Strange. I wonder who else expects traffic class 0 to be the important one?
This is clearly a case of 2 vendors using the exact same tooling and
commands, but a configuration script working in the exact opposite way.

> More or less, repeating a bit what I said before, on i210 it was fixed,
> on i225/i226 it can be changed, but we decided to keep the default, less
> surprises for our users.

For yours, sure, maybe. For others.. :)

> In (some of) our traffic models, the only kind of traffic class that we
> allow to go through multiple queues is Best Effort.

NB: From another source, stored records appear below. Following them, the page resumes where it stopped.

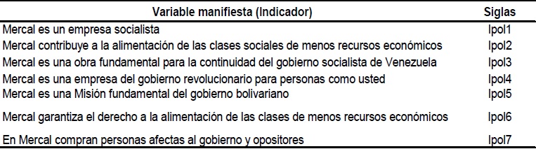 En este contexto, la imagen política de Mercal se midió a partir del núcleo ideológico del grupo político en funciones de gobierno (Tabla Nº 4), caracterizado por una terminología distintiva, con definiciones generalmente ambiguas (Capriles, 2006). Destacan entre ellas las expresiones o ideas con las cuales se identifica dicho gobierno (Canelón, 2016): bolivariano, revolucionario, socialista, centrado en los pobres, inclusión social y continuidad en el poder, entre otras, que son asociadas –en este caso– a una política pública como elementos de su estrategia comunicacional. Con base en la escala mostrada en la Tabla Nº 4, se propone la hipótesis siguiente:
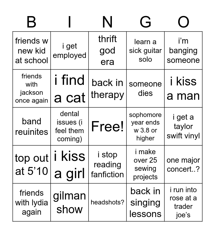 This bingo card has a free space and 24 words: i kiss a girl, gilman show, back in therapy, friends with lydia again, i’m banging someone, friends w new kid at school, friends with jackson once again, i get employed, sophomore year ends w 3.8 or higher, i stop reading fanfiction, someone dies, band reuinites, i make over 25 sewing projects, one major concert..?, i find a cat, back in singing lessons, i get a taylor swift vinyl, thrift god era, i kiss a man, dental issues (i feel them coming), i run into rose at a trader joe’s, top out at 5’10, learn a sick guitar solo and headshots?.
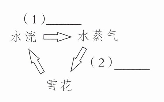 (2)凝华 【解析】结合小贴士和短文内容可知,由水流变成水蒸气的过程是汽化,由水蒸气变成雪花的过程是凝华。
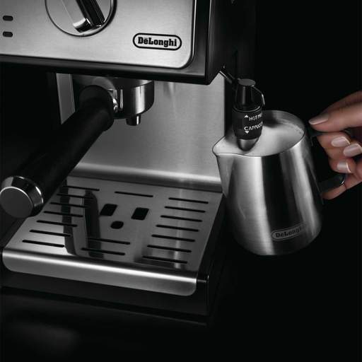 With premium aluminium finish and 3 filters: one cup, two cups and ESE pods | Two levels of froth regulation, creamy froth for Cappuccinos or hot milk to prepare an Italian style Caffe latte | Complete set of filter for one cup, 2 cups and for pods; and external tamper | Removable water tank with visible water level | Option to house big glasses or mugs up to 13 cm tall | Turns off automatically 9 minutes after last usage
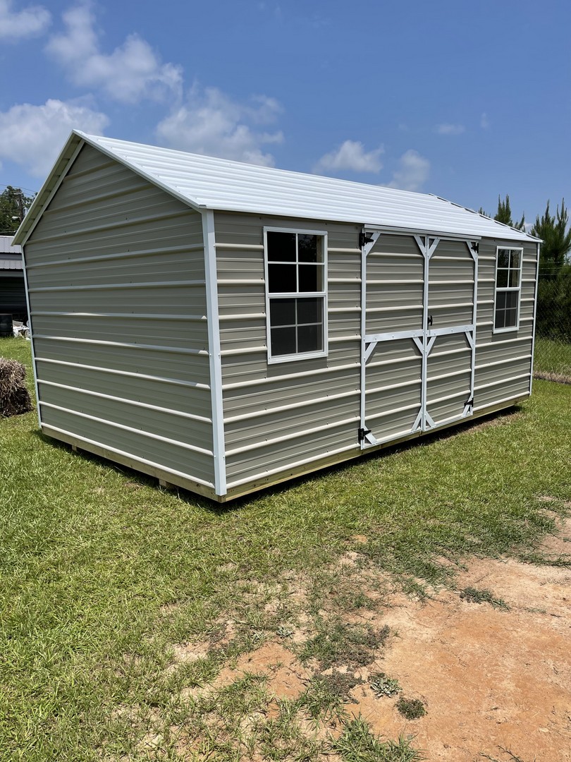 The metal utility building comes with a 10 year warranty. Available in sizes from 8 ×12 through 12x32 These portable utility buildings make great workshops,storage buildings, tool sheds and more! We can add windows, lofts, ramps or other features to make this building meet your needs! Built locally in Montezuma, GA. Our goal is to offer you a quality product at a reasonable price. Metal Utility buildings come with a side, roof and trim color of your choice.
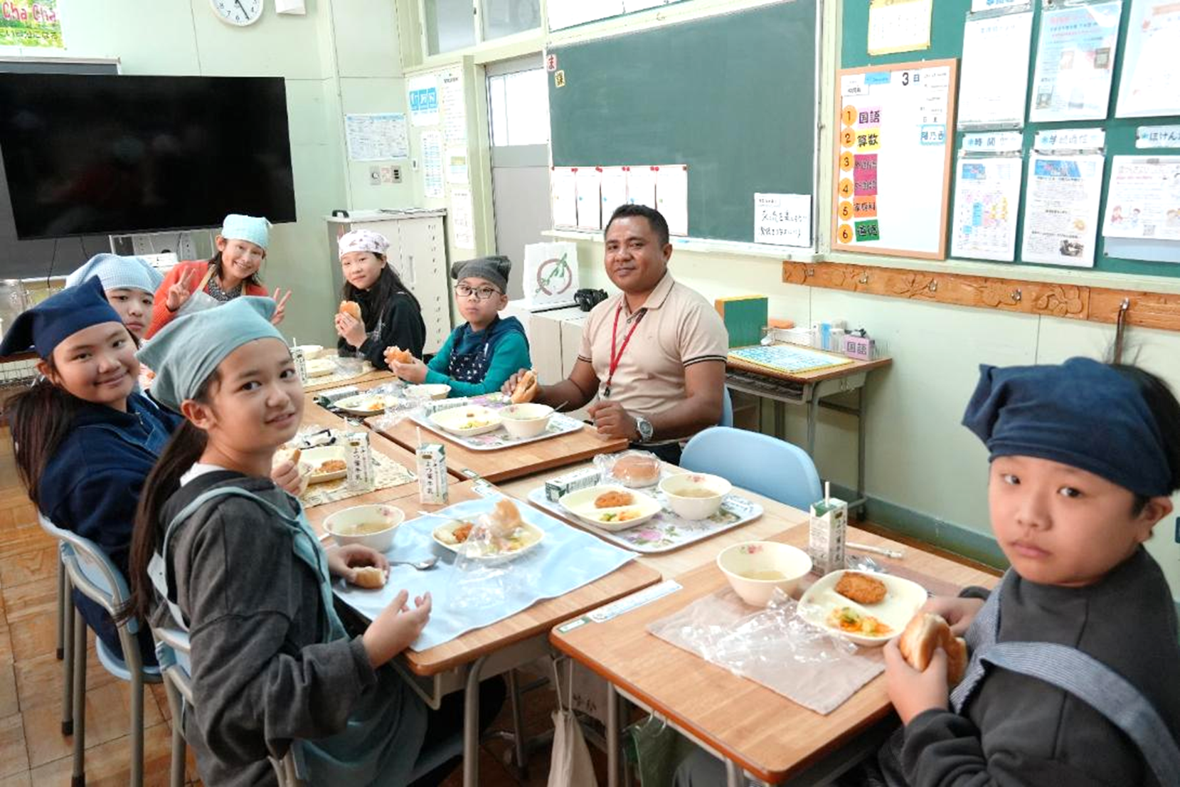 お楽しみの給食交流では、研修員も児童と一緒に給食を食べました。研修員は、副菜のバリエーションや全体の色味、たんぱく質やビタミンなど細かな栄養バランスが配慮されたメニューに感動。
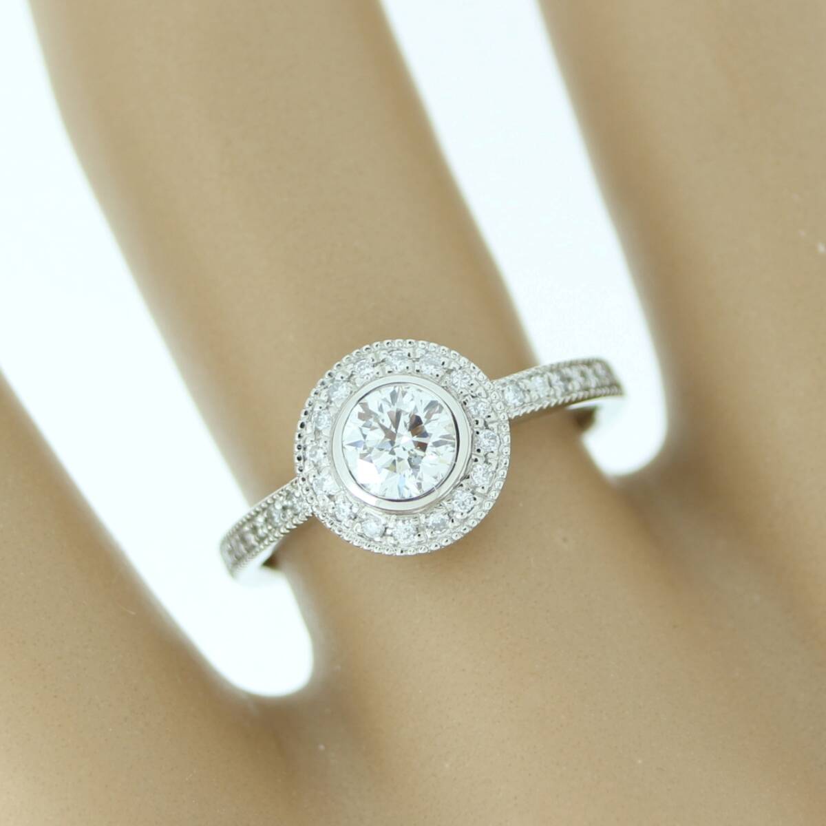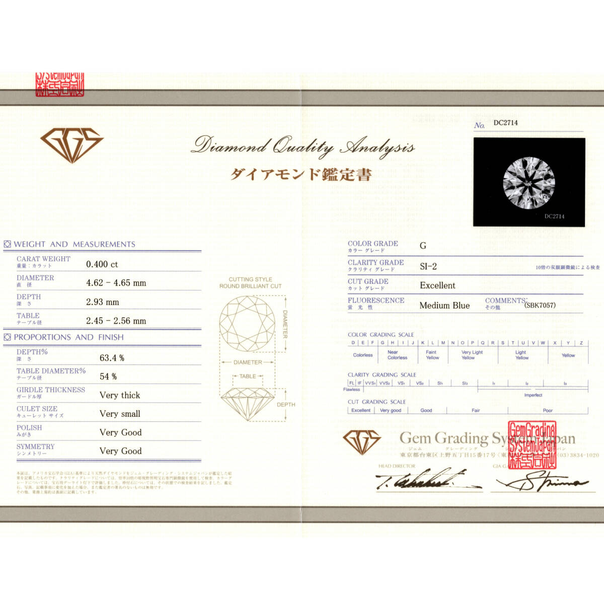 通常店頭にて0.4ct以上の中石を使用しD,E,F,Gカラーと最上位から4番目の大変キレイなGカラー!
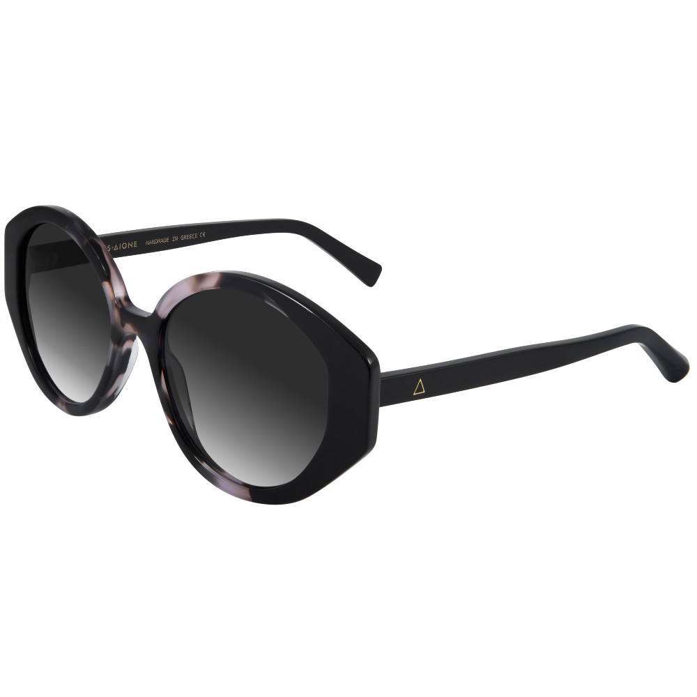 Γυναικεία χειροποίητα γυαλιά ηλίου Zeus + Dione, ελληνικής κατασκευής, σε οβάλ σχήμα, με ταρταρούγα-μαύρο κοκκάλινο σκελετό και γκρι degrade χρώμα φακών. Διαθέτουν φακούς της εταιρείας ZEISS.

With the mention that half (or more) of the best effort traffic will be
Better Effort, due to your secret prioritization scheme within the same
traffic class. And netdev_pick_tx() will essentially be a Russian
roulette, because it hashes packets with the same skb->priority towards
queues of different actual priorities.

> And even that it works out because taprio "translates" from traffic
> classes to queues when it sends the offload information to the driver,
> i.e. the driver knows the schedule of queues, not traffic classes.

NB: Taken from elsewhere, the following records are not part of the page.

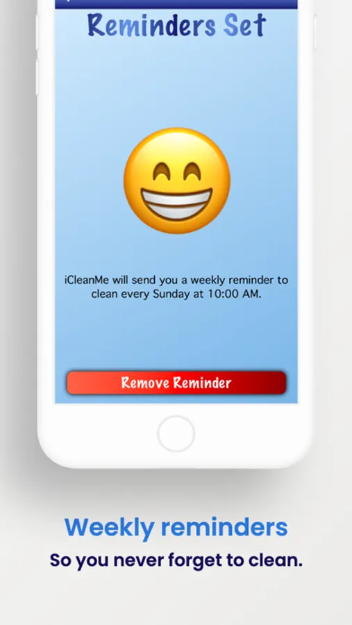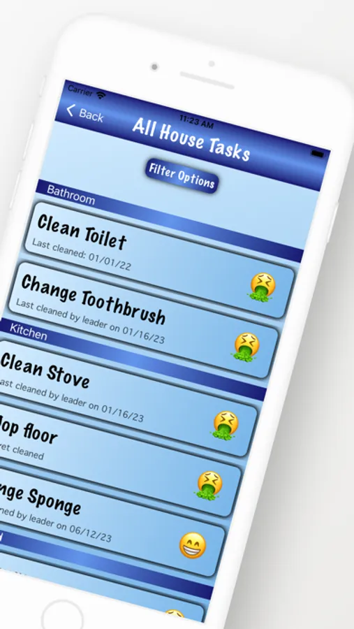 Each task you add will ask you how often you'd like it cleaned. From there, an emoji will be displayed indicating the state of that task. A happy emoji means a happy task. You'll know when something needs to be cleaned when the emoji isn't looking so good.
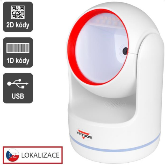Čtečka pro obchod, s vysokou citlivostí čtení 1D a 2D čárových kódů různé velikosti. Rychlá, všesměrová, stacionární čtečka umí číst čárové kódy z různých povrchů, a to např. i z průhledných obalů nebo displejů, rychle dekóduje i obtížně čitelné, rozmazané a pomačkané kódy. Čtečka je vybavena USB rozhraním umožňujícím emulovat klávesnici i sériový port. Čtečka je odolná proti prachu a vodě dle IP54.
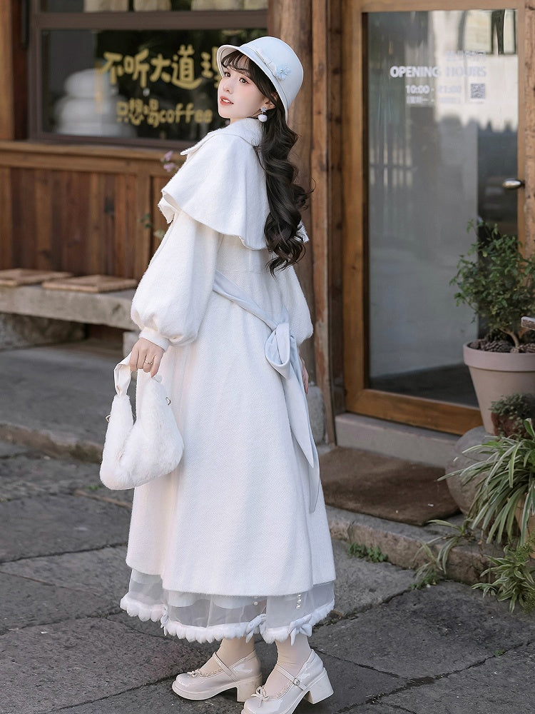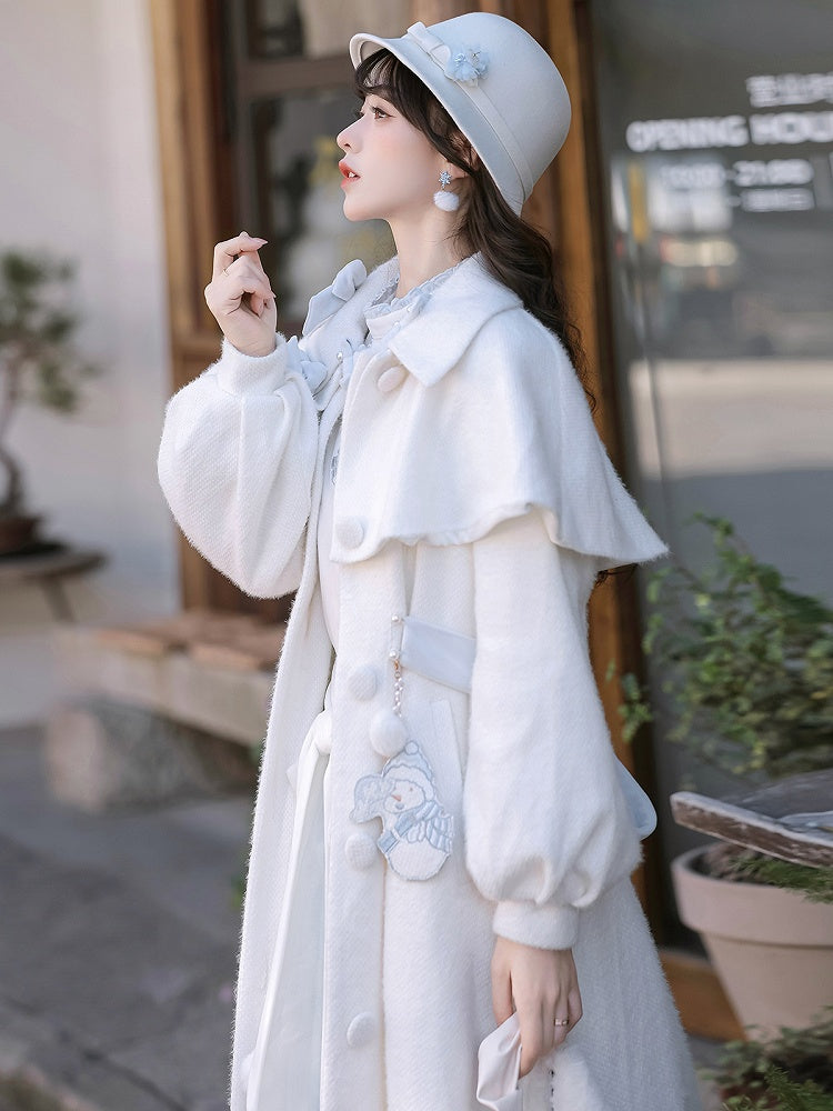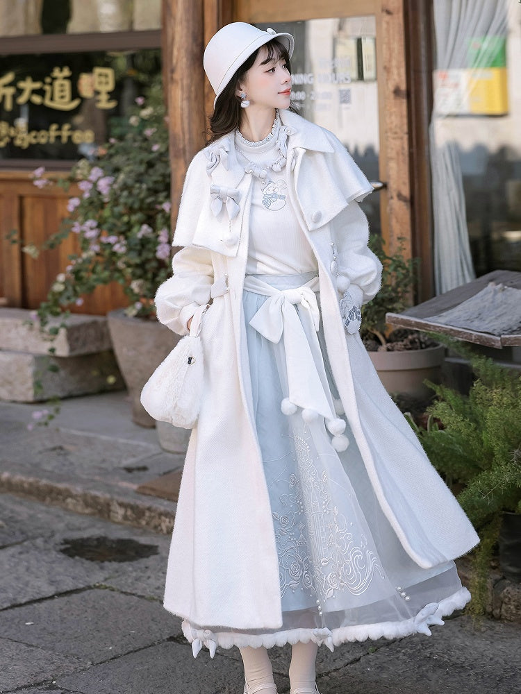 Embroidered Lolita Skirt Winter Set Snowman Blue White Coat Top Elegant + Knitted Castle
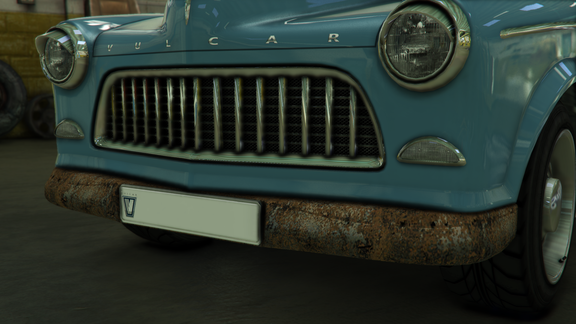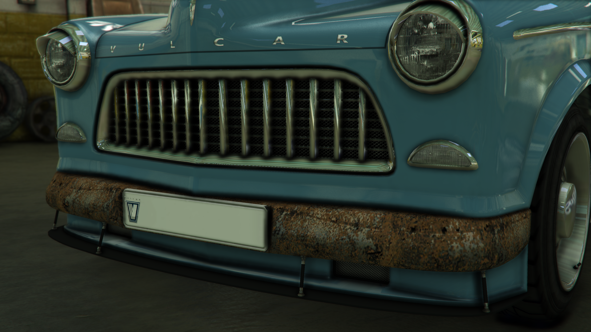 Автомобиль отличается простым и угловатым дизайном, а передняя часть оснащена небольшим бампером с номерным знаком в европейском стиле по центру. Трапециевидная решётка радиатора занимает большую часть передней части автомобиля, а внешние зоны занимают круглые фары с небольшими накладками сверху и более мелкими круглыми фарами снизу основных фар. Капот имеет V-образную выпуклость с деталью спереди и серебристой надписью «VULCAR» над решёткой радиатора, а также вентиляционную секцию возле лобового стекла.

Which is incredibly strange to me, since the standard clearly defines
Qbv gates to be per traffic class, and in ENETC, even if we have 2 TX
queues for the same traffic class (one per CPU), the hardware schedule
is still per traffic class and not per independent TX queue (BD ring).

How does this work for i225/i226, if 2 queues are configured for the
same dequeue priority? Do the taprio gates still take effect per queue?

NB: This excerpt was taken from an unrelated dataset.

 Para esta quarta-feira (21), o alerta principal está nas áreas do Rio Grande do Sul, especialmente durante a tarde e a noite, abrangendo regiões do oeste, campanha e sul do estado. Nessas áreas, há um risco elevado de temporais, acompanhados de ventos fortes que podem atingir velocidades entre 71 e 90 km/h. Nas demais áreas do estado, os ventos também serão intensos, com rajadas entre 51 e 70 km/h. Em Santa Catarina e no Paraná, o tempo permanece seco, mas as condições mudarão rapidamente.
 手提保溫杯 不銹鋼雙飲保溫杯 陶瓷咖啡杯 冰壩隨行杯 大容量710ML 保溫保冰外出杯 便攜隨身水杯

> That's a good point (your understanding of the flow is similar to mine).
> This seems a good idea. But we may have to wait for a bit until we have
> a LLDP implementation that supports this.

This is circular; we have a downstream patch to openlldp that adds
support for this TLV, but it can't go anywhere until there is mainline
kernel support.

What about splitting out MAC merge support from FP support, and me
concentrating on the MAC merge layer for now? They're independent up to
a pretty high level. The MAC merge layer is supposed to be controlled by
the LLDP daemon and be pretty much plug-and-play, while the FP adminStatus
is supposed to be set by some high level administrator, like a NETCONF
client.

We can argue some more about how to best expose the FP adminStatus.
Right now, I'm thinking that for all intents and purposes, the
adminStatus really only makes practical sense when we have at least 2
traffic classes: one onto which we can map the preemptable priorities,
and one onto which we can map the express ones. In turn, it means that
the 'priorities collapsing into the same traffic class' problem that we
have when we delete the taprio/mqprio qdisc can be solved if we put the
FP adminStatus into the same netlink interface that also configures the
prio:tc map and the number of traffic classes (i.e. yes, in tc).

I'll let someone more knowledgeable of our sysrepo-tsn implementation of
a NETCONF server (like Xiaoliang, maybe even Rui or Richie?)
https://github.com/real-time-edge-sw/real-time-edge-sysrepo
comment on whether this would create any undesirable side effect.
The implication is that user space, when asked to change the adminStatus,
will have to figure out whether we are using a taprio, or an mqprio
qdisc, and create different netlink attributes to talk to the kernel to
request that configuration. User space will also have to send an error
towards the NETCONF client if no such qdisc exists (meaning that the
user wants to combine priorities of different express/preemptable values
in the same traffic class, TC0). The qdiscs will also centrally validate
whether such invalid mixed configurations are requested.

I'm mostly OK with this: an UAPI where FP adminStatus is per priority,
but it gets translated into per-tc by the qdisc, and passed to the
driver through ndo_setup_tc(). I am certainly still very much against
the "preemptable queue mask" that you proposed, and IMO you'll have to
do something and clarify what a traffic class even means for Intel
hardware, especially in relationship to multiple queues per tc
(mqprio queues 2@1).

Anyone else who has an opinion of any sort, please feel free.